(THE PROBLEM): Copy exactly the lines that run from the top of the listing to the line containing "- ✔ Abgasstutzen", both ends included, and omit the pictures.

(INFORMATION SUPPLIED):
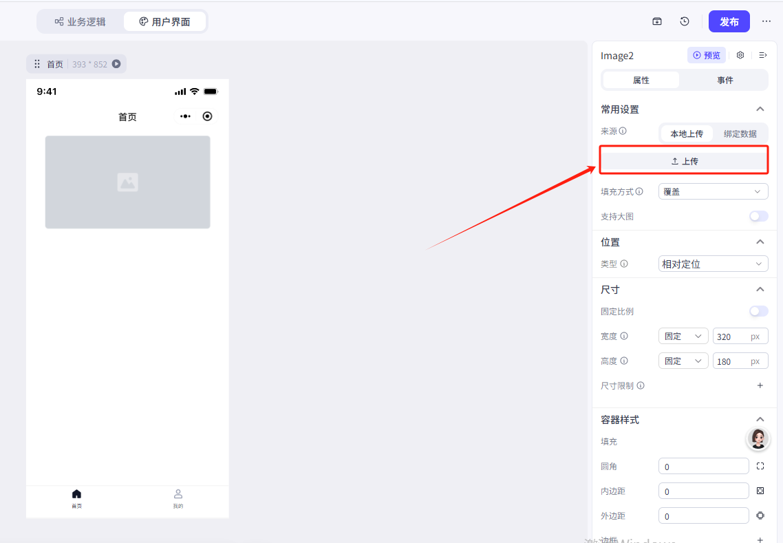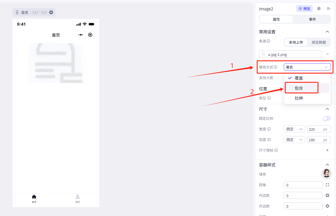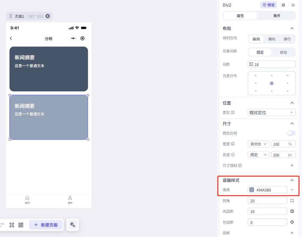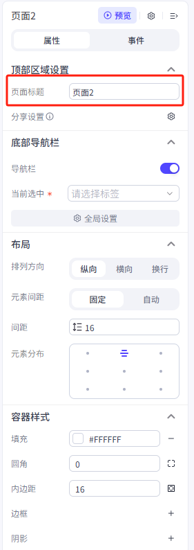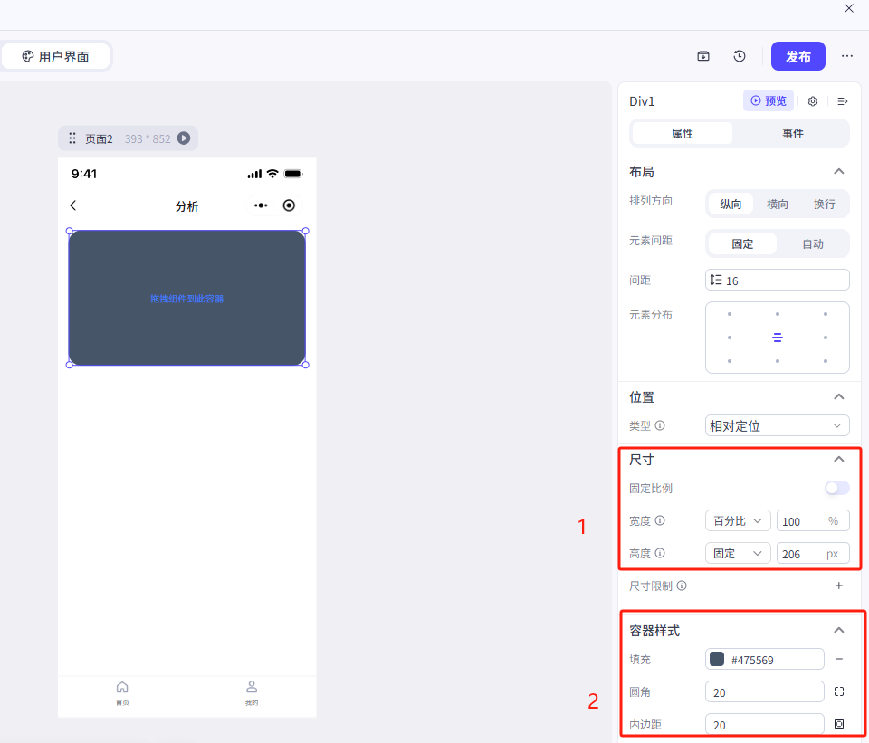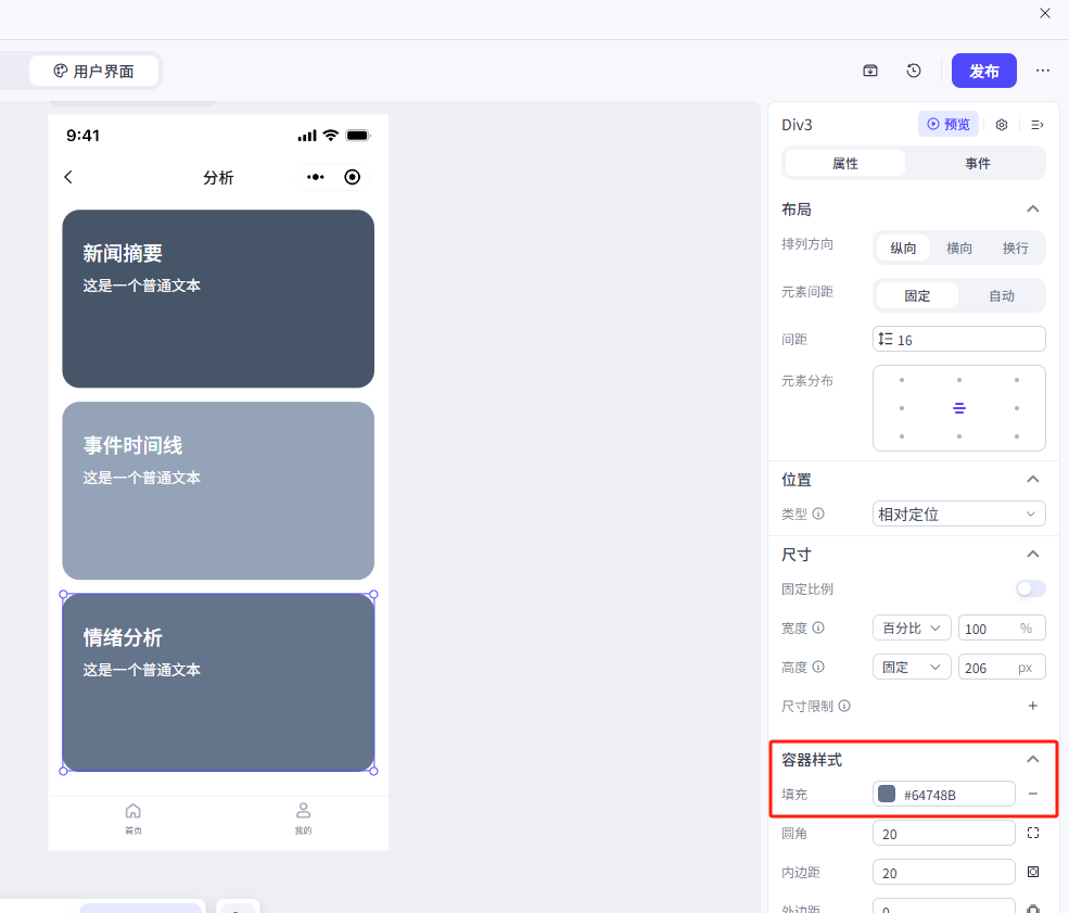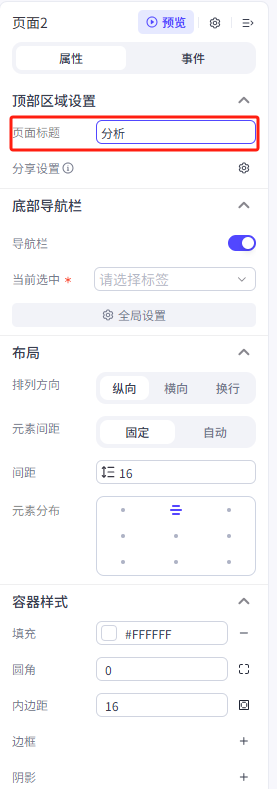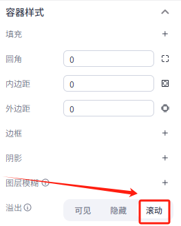 点击容器,在右侧菜单中更改一下它的属性
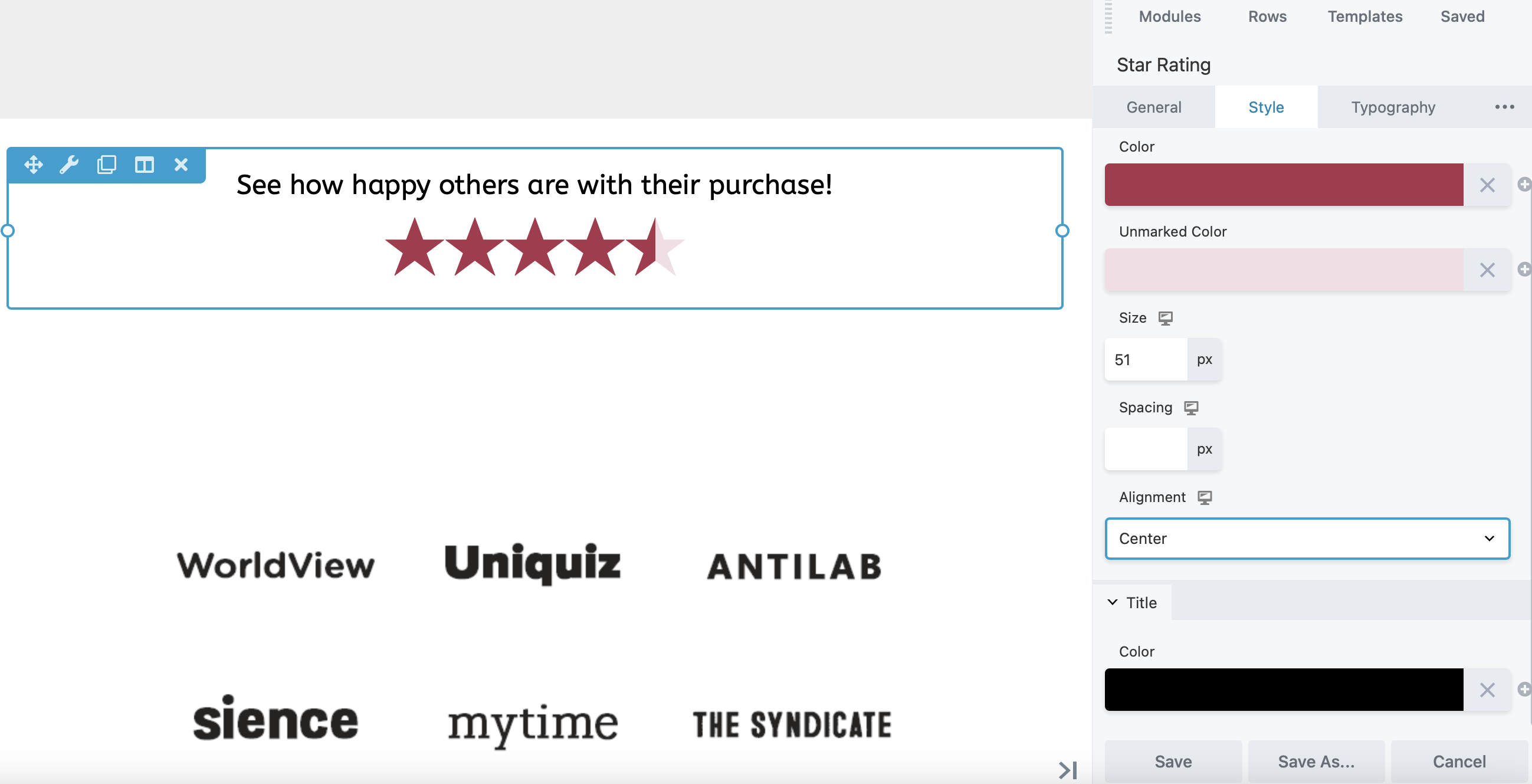 In the General settings, you can choose between a five and ten-star rating, give your ratings a title, and more. If you navigate to Style, you can apply custom colors, and alter the size and alignment of your module:
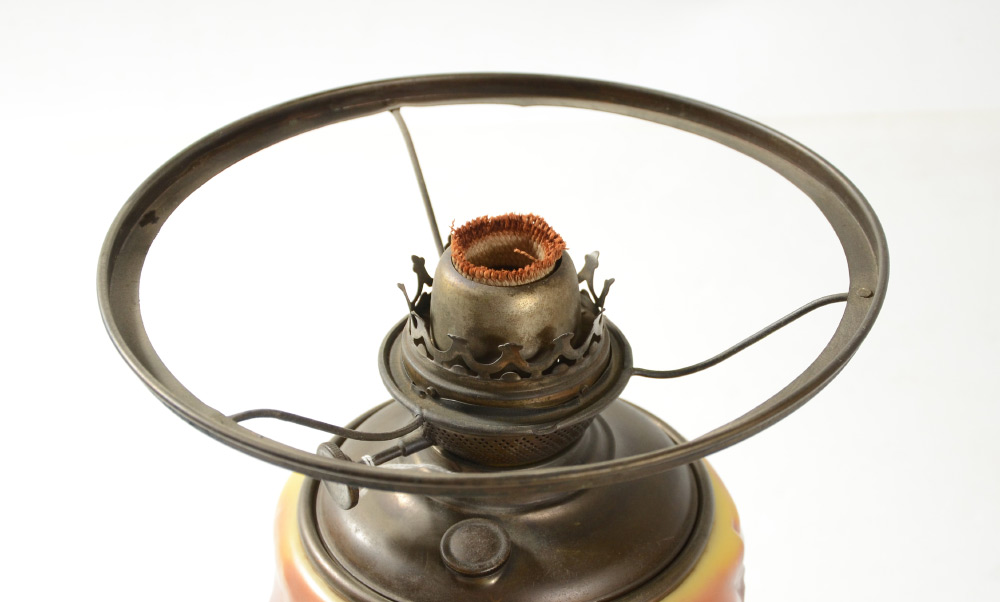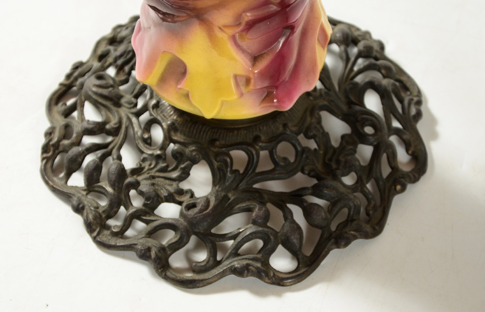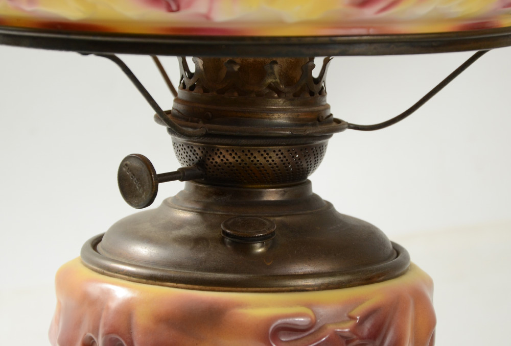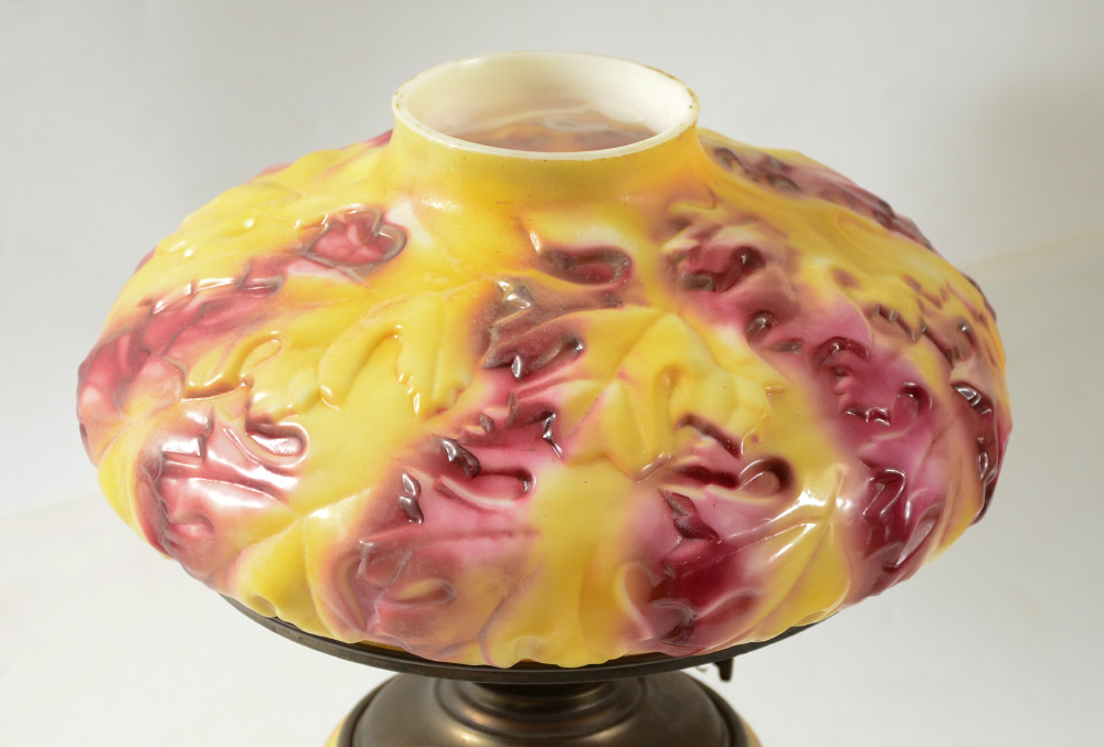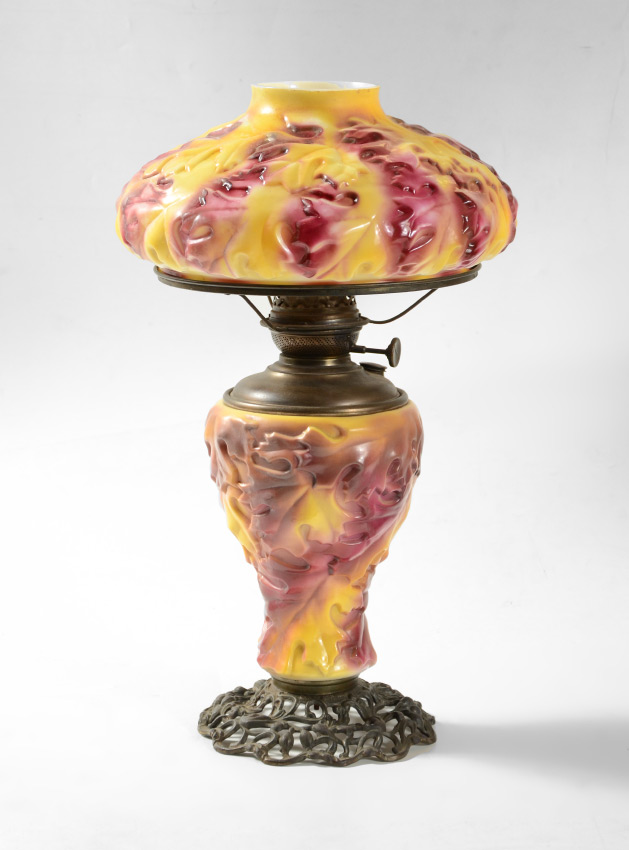 UNIQUE OAK LEAF GLASS OIL LAMP: In the style of Consolidated or Phoenix glass, body and shade with autumnal shade oak leaf motif. Foliate motif open work cast metal base. Original oil Success oil font. Base measures 15 1/2'' h. x 10 1/2''. Shade 6'' h. x 12 1/2'', 10'' fitter rim.
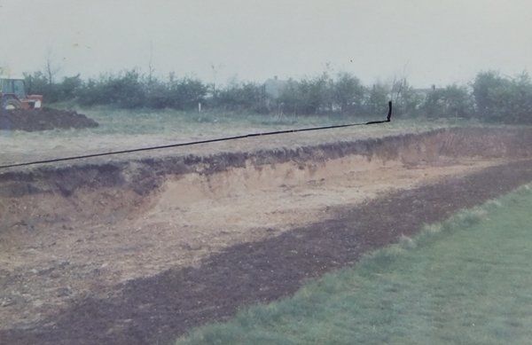 The following 12 pictures show the progression of the grounds from rough sloping ground to nearly croquet lawns (and some regression due to weather and lack of respect by some of the local Yobs) this took from 1984 to 1987. It was at this time that it was realised that someone had made a Boo Boo of the dimension, so the area was extended (2 more pictures) in 1988.
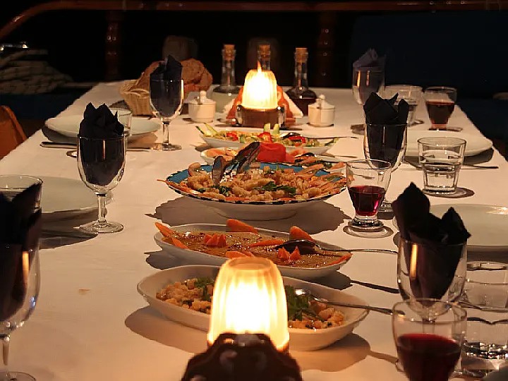 Ultra All inclusive Catering on board. Food & Beverages (incl. wine and beer) € 450,00 pp. (KIDS UNDER 17 HAVE DISCOUNT !) 450.00 € per week
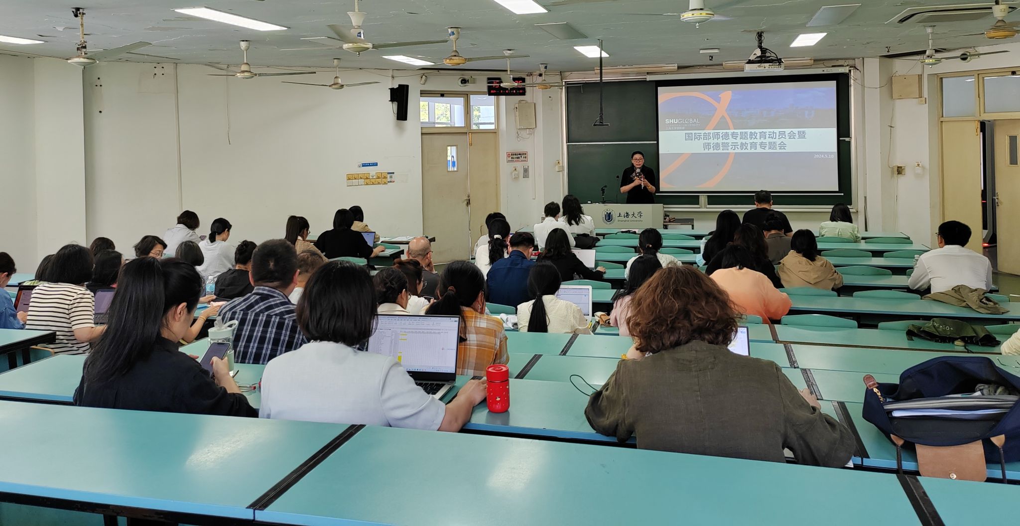 为引导广大教师坚定理想信念、厚植红色基因、涵养高尚师德,国际部于5月10日召开师德专题教育动员会暨师德警示教育专题会。会议邀请校党委教师工作部副部长孙琦琰做《明师德要求 遵师德规范 争做新时代的“大先生”》的专题讲座,国际部全体教职工参会,国际教育学院副院长张新玲主持会议。
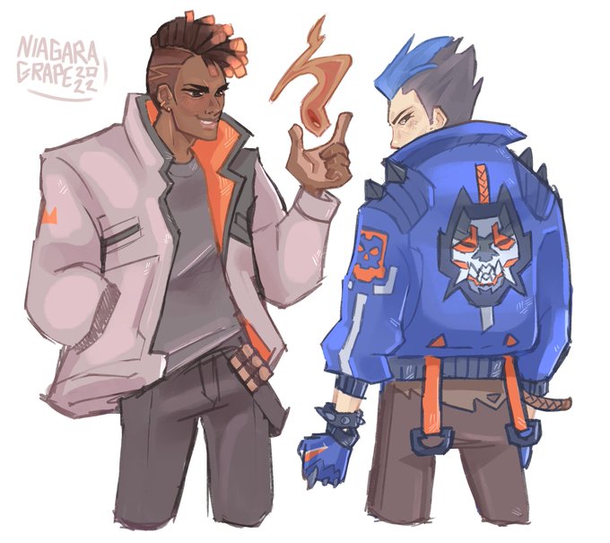 twitter blocked my original account so i called these two dumbasses to help me out follow or else #VALORANTfanart #valorantyoru #valorantphoenix #yorunix #yoru #phoenix
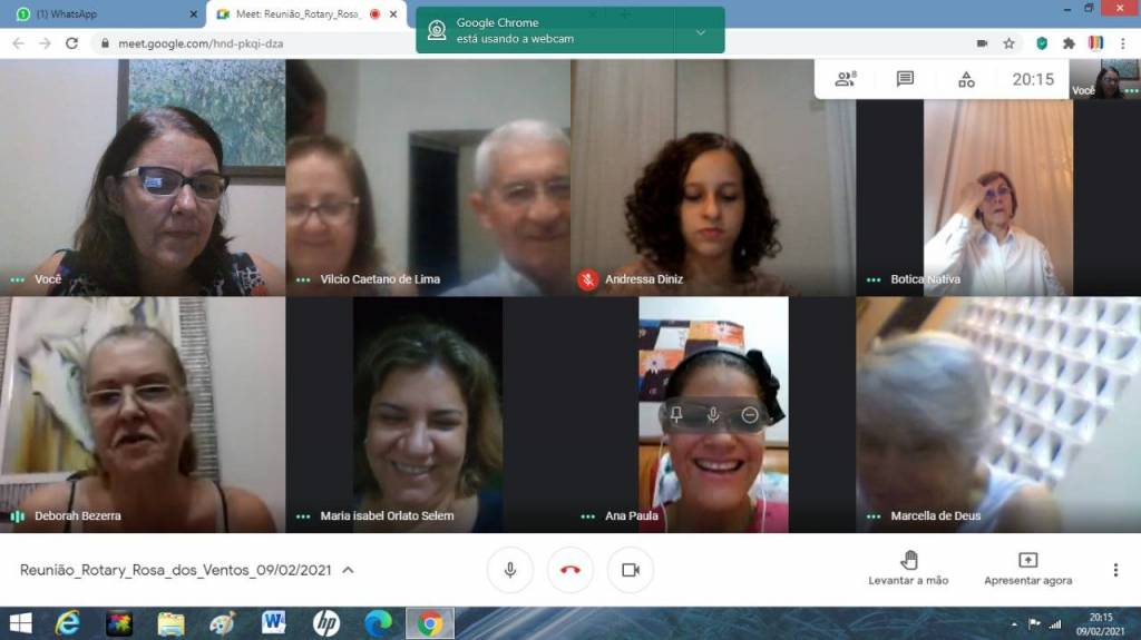 Reunião on line dia 09-02-21, tivemos as visitas : Gov. 2014/15 Vilcio Caetano de Lima, presidente do Interact CPP Leste- Andressa Diniz, nossa convidada, ex companheira Maria Isabel O. Selem.
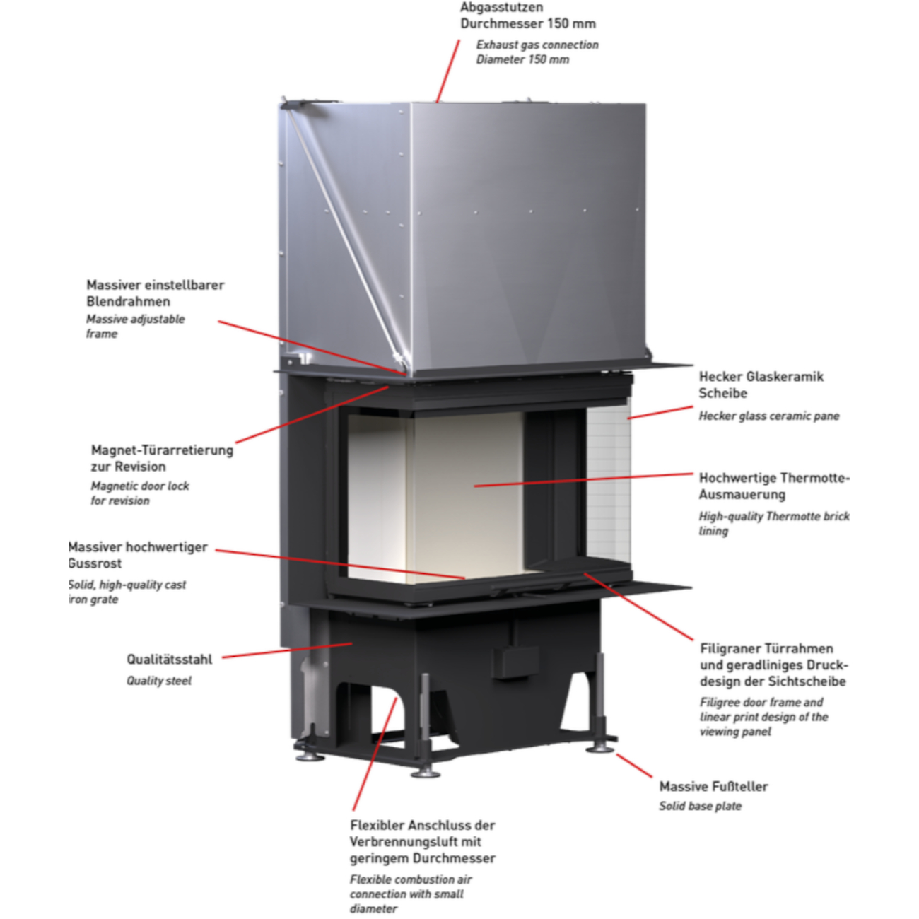 - ✔ Abgasstutzen Ø150 mm – flexibel anschließbar
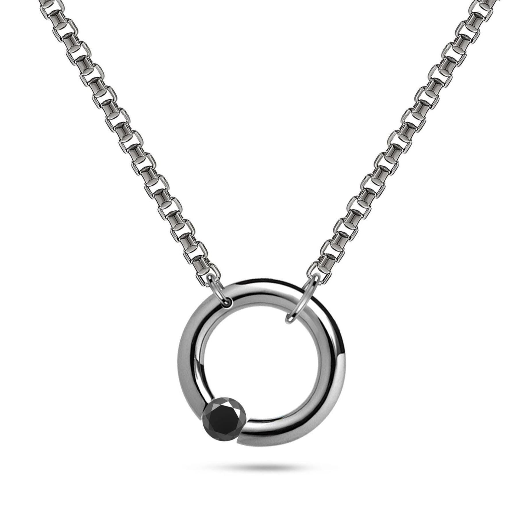 Discover refined minimalism with this contemporary circle necklace by Taormina Jewelry. Expertly crafted from high-polish stainless steel, the pendant features a tension-set black diamond that’s positioned off-center, following the natural diagonal line of the chain. This subtle design detail adds a dynamic sense of movement and modern asymmetry.

(FINISHED TASK):
 点击容器,在右侧菜单中更改一下它的属性
 In the General settings, you can choose between a five and ten-star rating, give your ratings a title, and more. If you navigate to Style, you can apply custom colors, and alter the size and alignment of your module:
 UNIQUE OAK LEAF GLASS OIL LAMP: In the style of Consolidated or Phoenix glass, body and shade with autumnal shade oak leaf motif. Foliate motif open work cast metal base. Original oil Success oil font. Base measures 15 1/2'' h. x 10 1/2''. Shade 6'' h. x 12 1/2'', 10'' fitter rim.
 The following 12 pictures show the progression of the grounds from rough sloping ground to nearly croquet lawns (and some regression due to weather and lack of respect by some of the local Yobs) this took from 1984 to 1987. It was at this time that it was realised that someone had made a Boo Boo of the dimension, so the area was extended (2 more pictures) in 1988.
 Ultra All inclusive Catering on board. Food & Beverages (incl. wine and beer) € 450,00 pp. (KIDS UNDER 17 HAVE DISCOUNT !) 450.00 € per week
 为引导广大教师坚定理想信念、厚植红色基因、涵养高尚师德,国际部于5月10日召开师德专题教育动员会暨师德警示教育专题会。会议邀请校党委教师工作部副部长孙琦琰做《明师德要求 遵师德规范 争做新时代的“大先生”》的专题讲座,国际部全体教职工参会,国际教育学院副院长张新玲主持会议。
 twitter blocked my original account so i called these two dumbasses to help me out follow or else #VALORANTfanart #valorantyoru #valorantphoenix #yorunix #yoru #phoenix
 Reunião on line dia 09-02-21, tivemos as visitas : Gov. 2014/15 Vilcio Caetano de Lima, presidente do Interact CPP Leste- Andressa Diniz, nossa convidada, ex companheira Maria Isabel O. Selem.
 - ✔ Abgasstutzen Ø150 mm – flexibel anschließbar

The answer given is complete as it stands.